After Rawlins it took me 3 days to get to Encampment, a small town around 20 miles from the Colorado border.  The three days were full of glorious snow traverses and trail finding, with some peak climbing that had real ascents. The kind of hiking that had been absent through the basin.

I arrived at the parking lot to hitch into Encampment a couple hours before sunset. My hitch into Encampment was… unexpected, given that only two cars drove by in about 2 hours. As sunset approached, I realized that I’d just have to camp near the pit toilets (the only non-paved, flat area), and would have to hitch a ride in the morning.

Just as I pulled out my bivy, a pickup truck swung into the parking lot, and I secured a ride in their truck bed into Encampment that got me there around 9 PM.  Turns out, nothing in Encampment is open passed 5:30 PM, and I had some difficulty finding a place to sleep and shower.  Fortunately, I  eventually found a pajama-clad campsite host, and secured a patch of grass for the night.

Prior to getting into Encampment, I had heard from some NOBOs that the snow 30mi north of Rabbit Ears Pass was dangerous at best, and quite possibly impassable.  As such, I pulled together what looked like a fun alternative route, which would bring me directly into Steamboat, and allow me to avoid snow and a potentially meh hitch into town. 

As I passed more NOBOs over the next 2 days, I learned that Rabbit Ears Pass was fine.   Before reaching the point where I had to make a decision, I passed a rare trail curiosity: a pack of hundreds of sheep some random truck decided to dump onto the road.  “Bahhh” they exclaimed.  “Hello clouds!” I called back.

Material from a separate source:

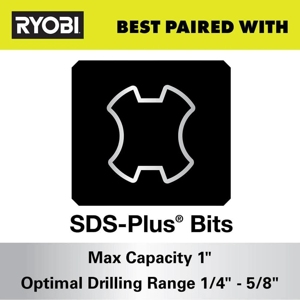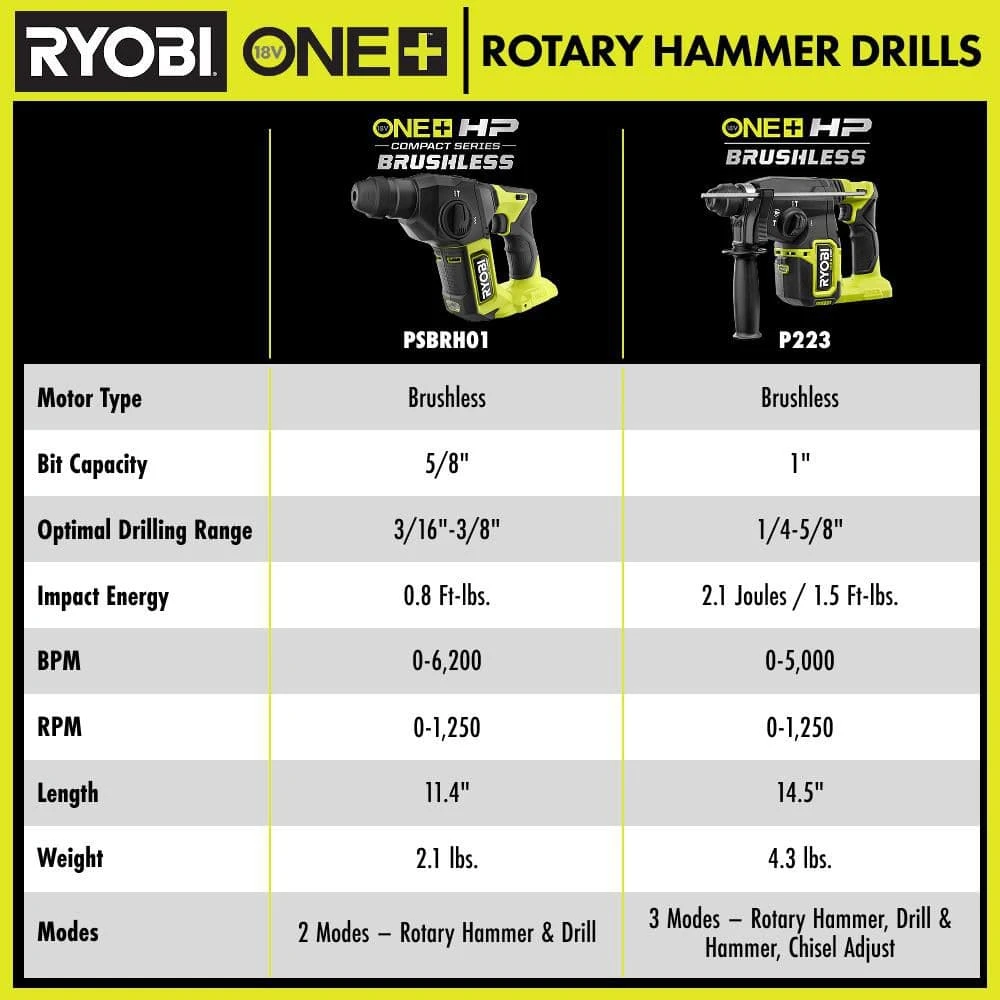 The RYOBI 18V ONE+ HP Brushless line of products is redefining power and performance. The RYOBI 18V ONE+ HP Brushless 1 in. SDS-Plus Rotary Hammer features a brushless motor delivering up to 75% more power and up to 2.1 Joules of impact energy, allowing users to dominate heavy duty applications faster and more efficiently. The anti-vibration handle reduces fatigue by providing up to 47% less vibration, leading users to be more efficient on the jobsite. Alternating between the 3 modes, Drilling, Hammer Drilling, and Hammer accommodates the need of any application or material. Additionally, an auxiliary handle and depth guide come included to allow for increased control and precision. Best of all, it is part of the RYOBI ONE+ System of over 300 Cordless Products that all work on the same battery platform. This rotary hammer is backed by the RYOBI 3-Year Manufacturers Warranty and includes the P223 18V ONE+ HP Brushless 1 in. SDS-Plus Rotary Hammer, auxiliary handle, depth guide, and operators manual. Battery and charger sold separately.
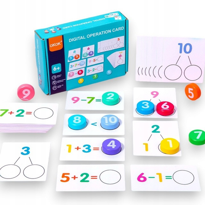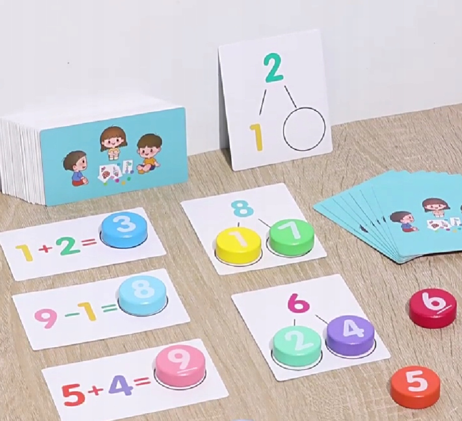 Edukacyjna gra kartowa Montessori wspomaga naukę liczenia, dodawania i odejmowania. Idealna dla dzieci 3+, wspiera rozwój logicznego myślenia i umiejętności matematycznych.

With wisdom from the sheeps’ words echoing through my mind, I decided I wanted to try out the alternative that I had mapped.  Yeah, probably a mistake.  Instead of snow, my route had me clambering over tens of thousands of burned, fallen trees.  When not leaping over trees, I found myself wading through chest-deep rivers — swollen from the late season snow pack.  The trail finding was difficult at best, and my feet remained wet for the 30 mile route I constructed.  

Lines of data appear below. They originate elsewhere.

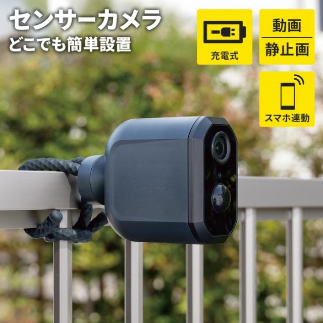 | スマホ連動センサーカメラ。 充電式で配線不要、自由に曲がるアームでどこでも取付け。 録画・記録。 人が近づくとセンサー感知でカメラが作動し自動撮影します。 スマートフォンに通知が届き、離れた場所でもお手元のスマートフォンで映像確認ができます。 いつでもリアルタイムでカメラ映像を見ることができ、静止画や動画をスマートフォンに保存することができます。 防犯対策、害獣確認、ペットやお子様の見守りカメラとして暮らしの安全・安心をサポートします。 防雨タイプで屋外でも設置可能です。 ※カメラはWiFi接続が必要です。 ※センサー探知時の自動映像記録はマイクロSDカード(別売)が必要です。 繰り返し使える便利な充電式で煩わしい配線や電池交換は不要です。 どこでもアームであらゆる場所に巻き付けて取付けでき、アームを外せば強力マグネットで金属面に設置できます。 夜間は自動で赤外線撮影をおこないますので周囲が暗い環境でも鮮明に記録することができます。 ※センサー探知時の映像記録はマイクロSDカード(別売)が必要です。 ※表は市販のマイクロSDカードで可能な録画の目安です。 ※撮影内容やカラー/モノクロなどによってファイルのサイズは大きく変化します。 |
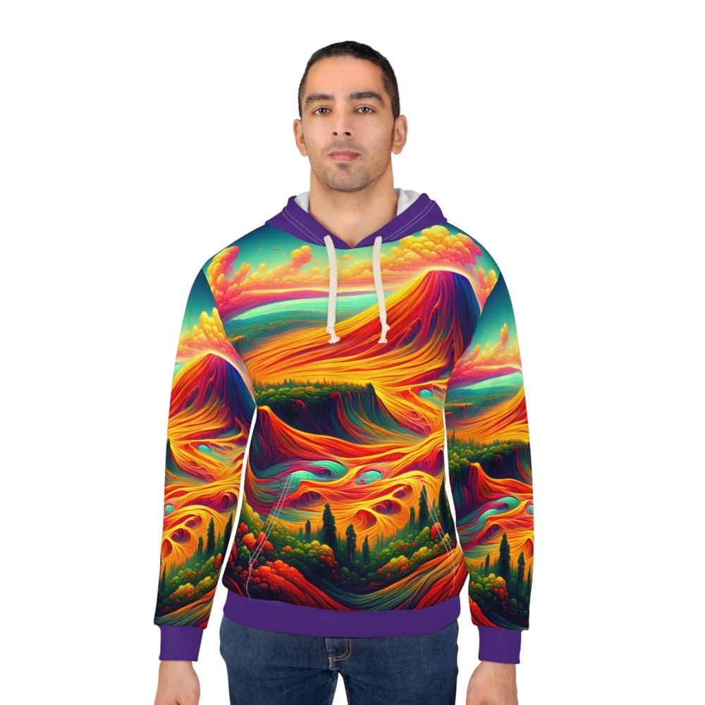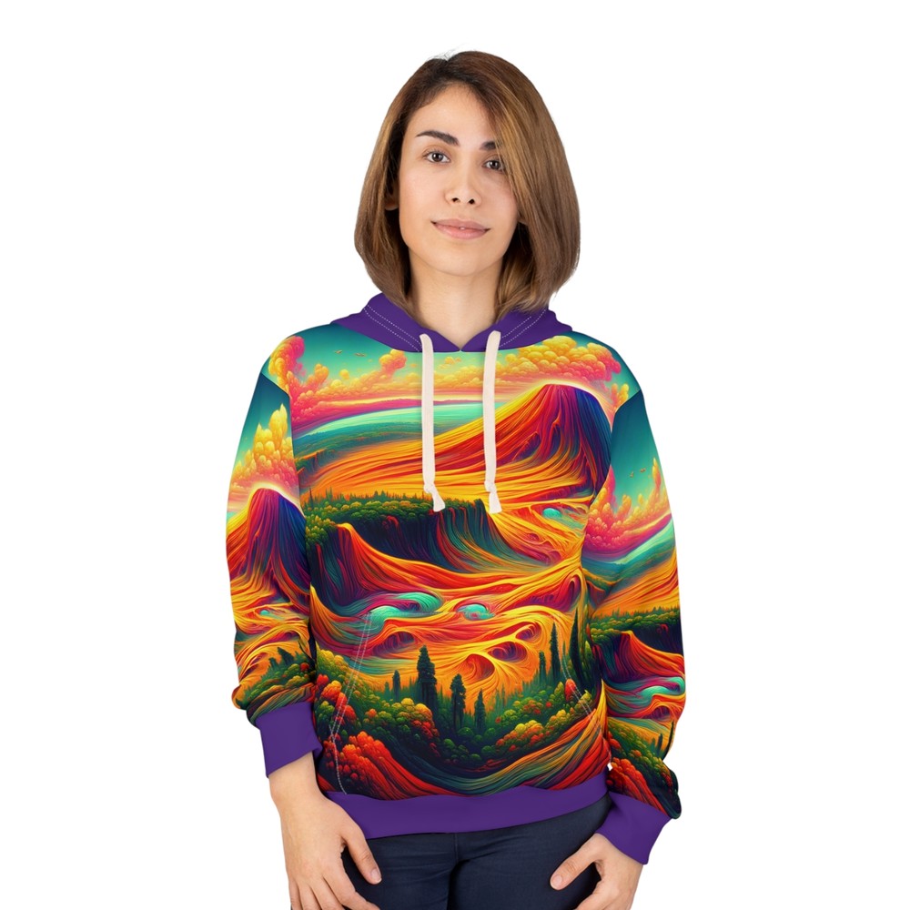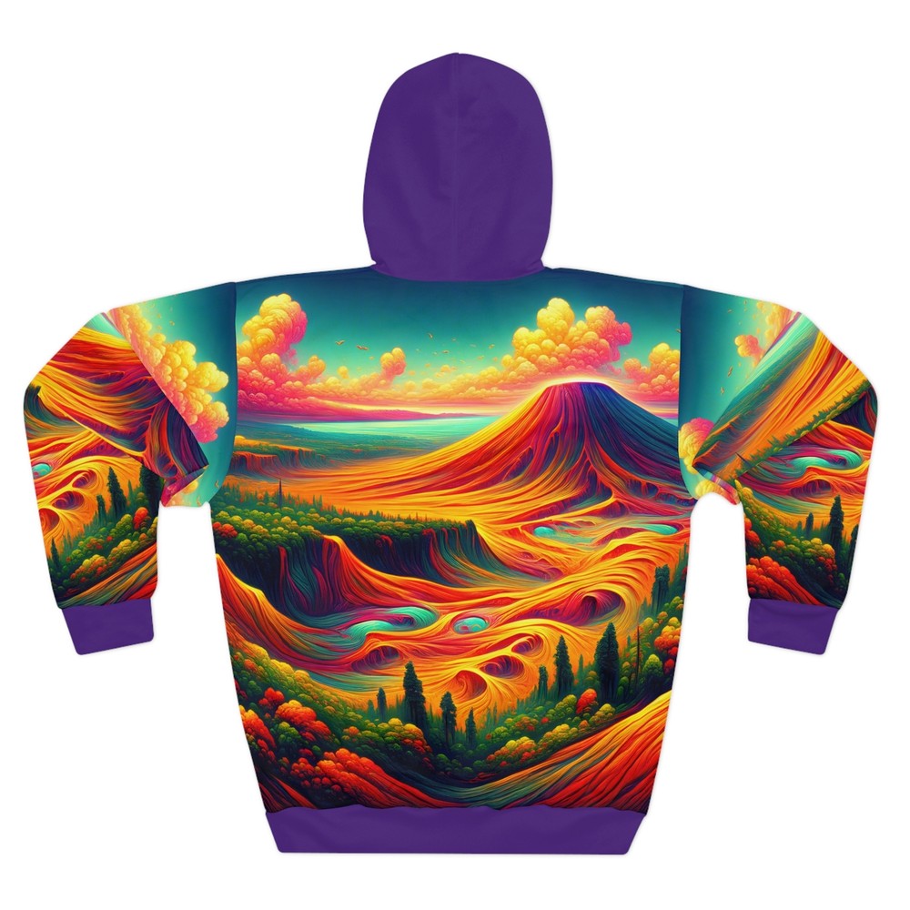 XS S M L XL Length, in 25.00 26.61 27.64 29.25 30.24 Width, in 20.00 21.50 22.99 24.49 26.50 Sleeve Length, in 23.86 24.25 24.88 25.39 25.87 Unleash your adventurous spirit with our All-Over Print Hoodie, inspired by the breathtaking landscapes of Hawai'i Volcanoes National Park. Crafted for ultimate comfort, this unisex pullover features vibrant volcanic designs that evoke the island's beauty. Perfect for outdoor explorations or cozy nights in! This Pullover Hoodie is made for warmth and comfort. Made to be easily customizable without white lines at the seams. It features a large front pocket, a hood with a drawstring, and is custom cut and sewn. Do not dryclean; Do not iron; Tumble dry: low heat; Do not bleach; Machine wash: cold (max 30C or 90F). * 100% polyester * Medium weight fabric: 7.4 oz/yd² (250 g/m²) * Classic Fit * White thread color * Custom cut and sewn * Assembled in the USA from globally sourced parts
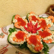 Cut the avocado and cucumber into strips, add the onion, 1 tablespoon of red caviar, sour cream, salt, pepper, herbs, and mix.
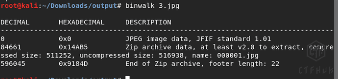 使用该字符串解压刚才的压缩包,得到3.jpg文件,使用 binwalk 查看依旧存在 ZIP 文件,于是继续分离出来:
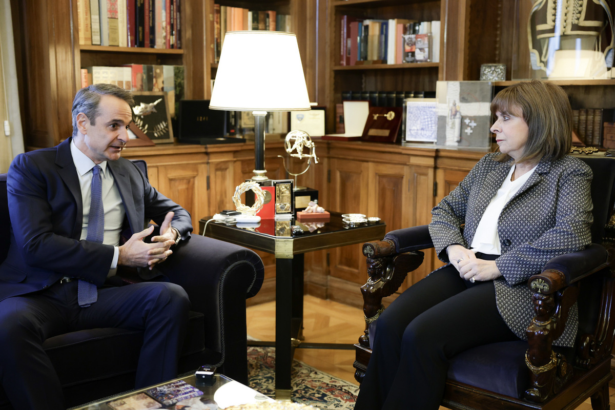 (ΞΕΝΗ ΔΗΜΟΣΙΕΥΣΗ) Η Πρόεδρος της Δημοκρατίας Κατερίνα Σακελλαροπούλου συνομιλεί με τον πρωθυπουργό Κυριάκο Μητσοτάκη, κατά τη συνάντησή τους στο Προεδρικό Μέγαρο, Αθήνα, τη Δευτέρα 29 Ιανουαρίου 2024. ΑΠΕ-ΜΠΕ/ΠΡΟΕΔΡΙΑ ΤΗΣ ΔΗΜΟΚΡΑΤΙΑΣ/ΘΟΔΩΡΗΣ ΜΑΝΩΛΟΠΟΥΛΟΣ
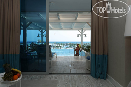 Приехали в отель как раз к заселению, поэтому заселились сразу. Это была корпоративная поездка: сотрудникам оплачивал тур работодатель, за семьи сотрудники оплачивали сами. В общем нас было порядка 80-90 человек включая маленьких детей. С 3 по 10 мая в отеле проводится фестиваль Спортволна и половина постояльцев отеля - участники этого фестиваля (как и наша компания). Один из работников отеля сообщил мне, что отель был заполнен ровно на 50%. На пляже и у бассейнов всегда было свободно. В этом отзыве я не буду писать про фестиваль, а напишу именно про отель.

The numerous tree traverses wore away my gear.  My once hole-filled pants quickly become so holy the Vatican expressed interest, and then went past the point of having holes to the point where there might still be some fabric connectivity.  I also lost my sunglasses during one particularly acrobatic (and not graceful) tree leap.

To be fair, the area was beautiful, and once some trail crews clean up the hundreds of acres of relevant burn area, I really think it will be a great hike!  4/5 stars, would not do again.

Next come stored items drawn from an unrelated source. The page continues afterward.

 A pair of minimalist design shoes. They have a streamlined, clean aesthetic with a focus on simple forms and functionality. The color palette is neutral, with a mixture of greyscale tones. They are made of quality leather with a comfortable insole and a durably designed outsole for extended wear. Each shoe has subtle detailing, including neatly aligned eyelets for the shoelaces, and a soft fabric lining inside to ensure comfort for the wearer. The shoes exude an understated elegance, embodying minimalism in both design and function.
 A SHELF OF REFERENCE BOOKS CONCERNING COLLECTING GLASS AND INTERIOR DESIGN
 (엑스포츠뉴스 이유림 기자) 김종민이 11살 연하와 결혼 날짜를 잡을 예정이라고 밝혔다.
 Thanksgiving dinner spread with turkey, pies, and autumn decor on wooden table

As I began my 5-mile road walk into Steamboat, I began frantically searching for a place to stay for the night.   As it’s a weekend, and Steamboat is… Steamboat, my only options were severely over-priced accommodations. While I would have loved to look into a variety of other options, the sky decided to throw thunder, lightning, and one helluva a storm upon me at the very moment I began searching for not an absurd hotel room.  And with that, I quickly grabbed a room for the night so I could put my phone away before it was water damaged.  Once the rain stopped, I found out there were some other CDT hikers also looking for a place to stay. And like that, we struck a deal to bring my room’s cost down to something a little less absurd.